(WHAT TO WORK ON):
Your answer must be an exact copy of the data, without any pictures.

(INFORMATION PROVIDED):
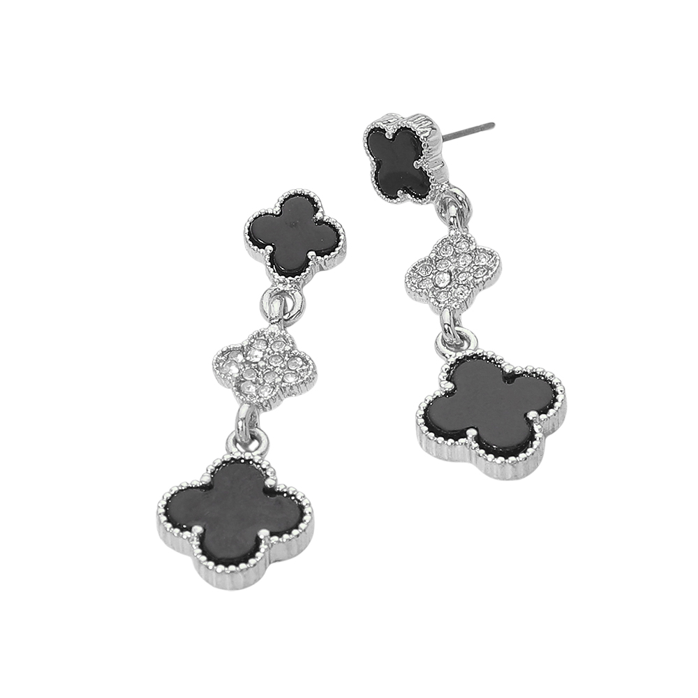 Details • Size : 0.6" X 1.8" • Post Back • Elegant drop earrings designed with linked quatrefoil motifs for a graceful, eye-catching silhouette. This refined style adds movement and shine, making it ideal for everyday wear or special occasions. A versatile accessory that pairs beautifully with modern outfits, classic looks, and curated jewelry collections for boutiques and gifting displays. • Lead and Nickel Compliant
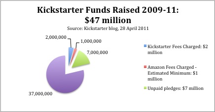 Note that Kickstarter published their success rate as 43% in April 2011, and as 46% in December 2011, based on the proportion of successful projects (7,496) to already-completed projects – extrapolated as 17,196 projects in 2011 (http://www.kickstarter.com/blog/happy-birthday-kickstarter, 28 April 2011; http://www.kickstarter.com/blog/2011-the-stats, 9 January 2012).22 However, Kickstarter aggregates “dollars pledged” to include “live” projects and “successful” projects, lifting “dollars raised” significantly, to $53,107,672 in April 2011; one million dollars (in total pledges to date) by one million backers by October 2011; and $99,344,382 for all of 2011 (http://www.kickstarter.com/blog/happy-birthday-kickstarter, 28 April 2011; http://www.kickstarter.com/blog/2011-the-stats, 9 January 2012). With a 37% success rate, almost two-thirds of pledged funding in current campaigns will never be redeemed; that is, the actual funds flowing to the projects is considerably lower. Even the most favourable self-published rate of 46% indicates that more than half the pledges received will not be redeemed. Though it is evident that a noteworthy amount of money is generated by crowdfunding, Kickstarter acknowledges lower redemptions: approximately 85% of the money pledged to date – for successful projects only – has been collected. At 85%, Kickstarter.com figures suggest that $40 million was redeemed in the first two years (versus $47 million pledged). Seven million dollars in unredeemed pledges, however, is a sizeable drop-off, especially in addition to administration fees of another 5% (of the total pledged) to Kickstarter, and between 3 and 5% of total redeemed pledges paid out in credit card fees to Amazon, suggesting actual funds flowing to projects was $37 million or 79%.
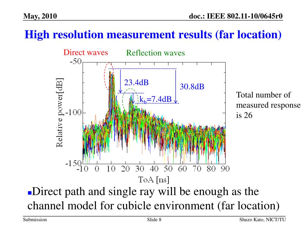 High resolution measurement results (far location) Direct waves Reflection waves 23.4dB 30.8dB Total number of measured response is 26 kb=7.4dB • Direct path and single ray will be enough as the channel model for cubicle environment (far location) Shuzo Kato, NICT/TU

(EXERCISE RESPONSE):
 Details • Size : 0.6" X 1.8" • Post Back • Elegant drop earrings designed with linked quatrefoil motifs for a graceful, eye-catching silhouette. This refined style adds movement and shine, making it ideal for everyday wear or special occasions. A versatile accessory that pairs beautifully with modern outfits, classic looks, and curated jewelry collections for boutiques and gifting displays. • Lead and Nickel Compliant
 Note that Kickstarter published their success rate as 43% in April 2011, and as 46% in December 2011, based on the proportion of successful projects (7,496) to already-completed projects – extrapolated as 17,196 projects in 2011 (http://www.kickstarter.com/blog/happy-birthday-kickstarter, 28 April 2011; http://www.kickstarter.com/blog/2011-the-stats, 9 January 2012).22 However, Kickstarter aggregates “dollars pledged” to include “live” projects and “successful” projects, lifting “dollars raised” significantly, to $53,107,672 in April 2011; one million dollars (in total pledges to date) by one million backers by October 2011; and $99,344,382 for all of 2011 (http://www.kickstarter.com/blog/happy-birthday-kickstarter, 28 April 2011; http://www.kickstarter.com/blog/2011-the-stats, 9 January 2012). With a 37% success rate, almost two-thirds of pledged funding in current campaigns will never be redeemed; that is, the actual funds flowing to the projects is considerably lower. Even the most favourable self-published rate of 46% indicates that more than half the pledges received will not be redeemed. Though it is evident that a noteworthy amount of money is generated by crowdfunding, Kickstarter acknowledges lower redemptions: approximately 85% of the money pledged to date – for successful projects only – has been collected. At 85%, Kickstarter.com figures suggest that $40 million was redeemed in the first two years (versus $47 million pledged). Seven million dollars in unredeemed pledges, however, is a sizeable drop-off, especially in addition to administration fees of another 5% (of the total pledged) to Kickstarter, and between 3 and 5% of total redeemed pledges paid out in credit card fees to Amazon, suggesting actual funds flowing to projects was $37 million or 79%.
 High resolution measurement results (far location) Direct waves Reflection waves 23.4dB 30.8dB Total number of measured response is 26 kb=7.4dB • Direct path and single ray will be enough as the channel model for cubicle environment (far location) Shuzo Kato, NICT/TU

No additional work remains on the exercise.